Düşünsene yıl 1980, televizyonun siyah beyaz olduğu, sobanın başında toplanıp dedelerin, nenelerin hikayelerini dinleyen, kestane yemek için sabırsızlanan, akşam çayın fokurdusunu dinleyen, bütün bir ailenin ortada bir tas ile kaşığı daldırıp çorba içilen, mandalin ve portakal kokusunu sobanın üzerinde bütün odaya salan, şehirlerde, mahallelerde,meydanlarda yazıyor yazıyor bugün gazetede şu şu yazıyor diye bağırıp gazete satan çocukların olduğu yıl olan 1980.
Keske o zaman dünyada olsaydım diyesim geliyor.
Olsaydım da seni yazsaydım gazetere.
Satırlarla süsleseydim o renksiz sayfaları.

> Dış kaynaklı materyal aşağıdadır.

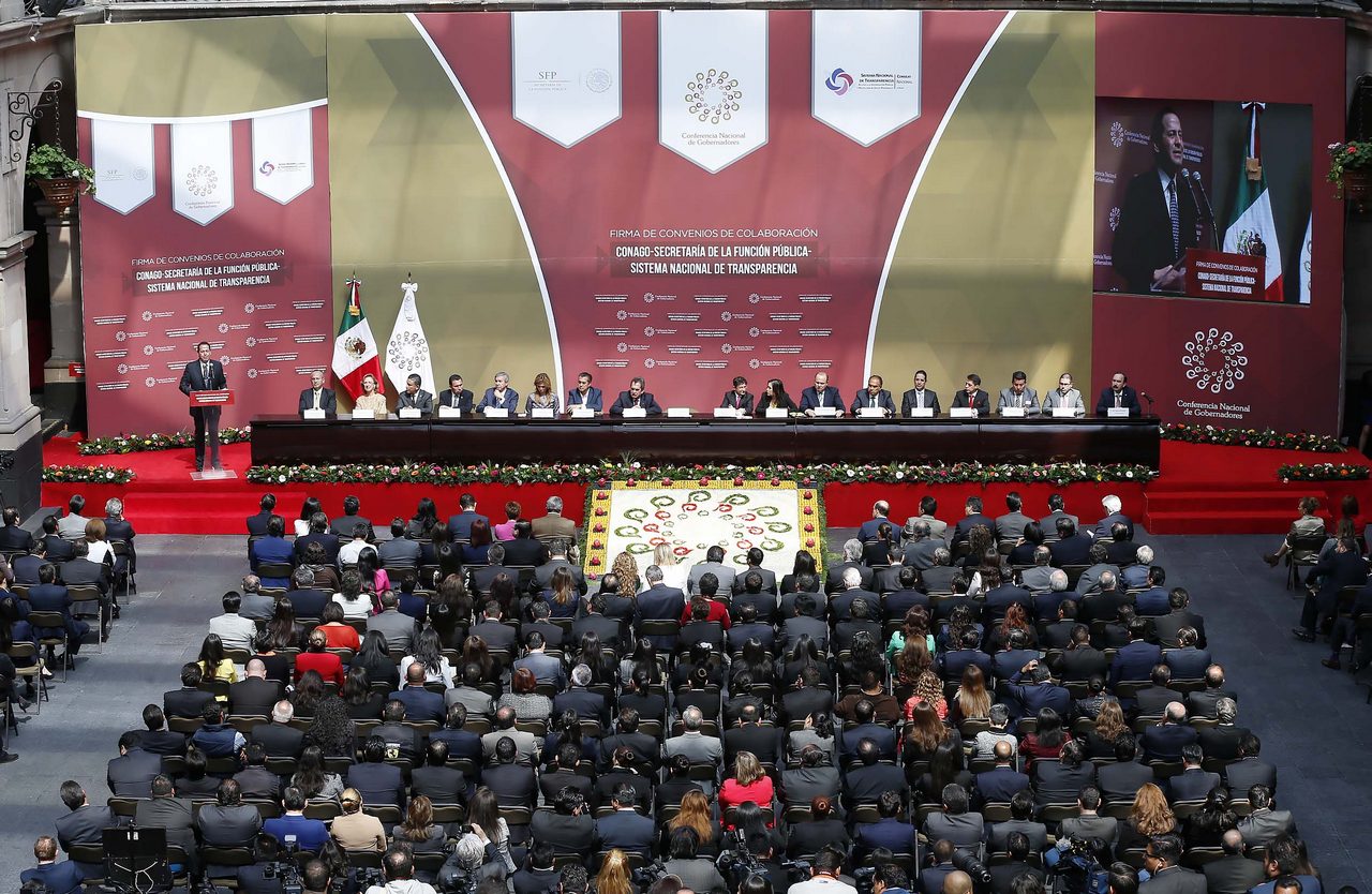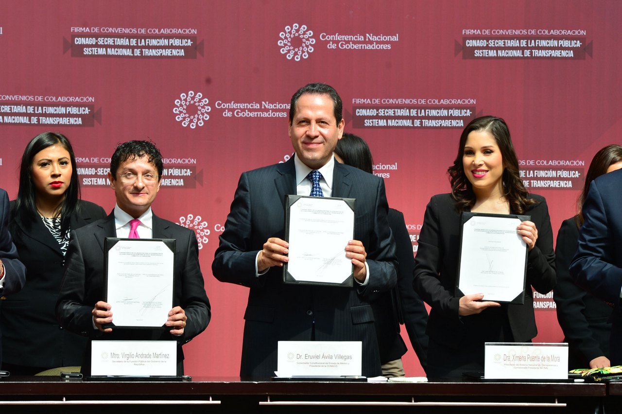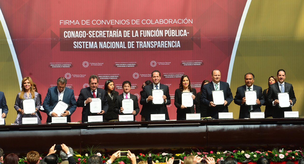 Firma de los Convenios de Colaboración entre la CONAGO, la Secretaría de la Función Pública (SFP) del Gobierno de la República y el Sistema Nacional de Transparencia, Acceso a la Información Pública y Protección de Datos Personales (SNT).

Temizliğin le anlatsaydım sevmenin
ne anlam ifade ettiğini.
Gerçek aşkı yazsaydım, gerçek sevdayı, sabrı, bekleyişi yazsaydım da o çocuklar bağırsa idi, "Yazıyor, yazıyor Hafızın Hayâle olan bekleyişi yazıyor diye"
Yinede seninle, temizliğinle, edebinle lal olmuş bu dilim dönmez oldu Hayalim, Hayalim diye diye.!
Hayâl sin sen?
Sana olan sevgimi okuyanlar ibret alıyor! Olmayan şeye bu inaç saçma diyor. Peki ya gerçek inanç mıdır köşe başlarında gizli gizli el ele kolkola olmak?
Seni bekliyorum güzel insan! Seni bekliyorum ayetlerimin meâli! Seni bekliyorum Rabbimin bana yazdığı kişi...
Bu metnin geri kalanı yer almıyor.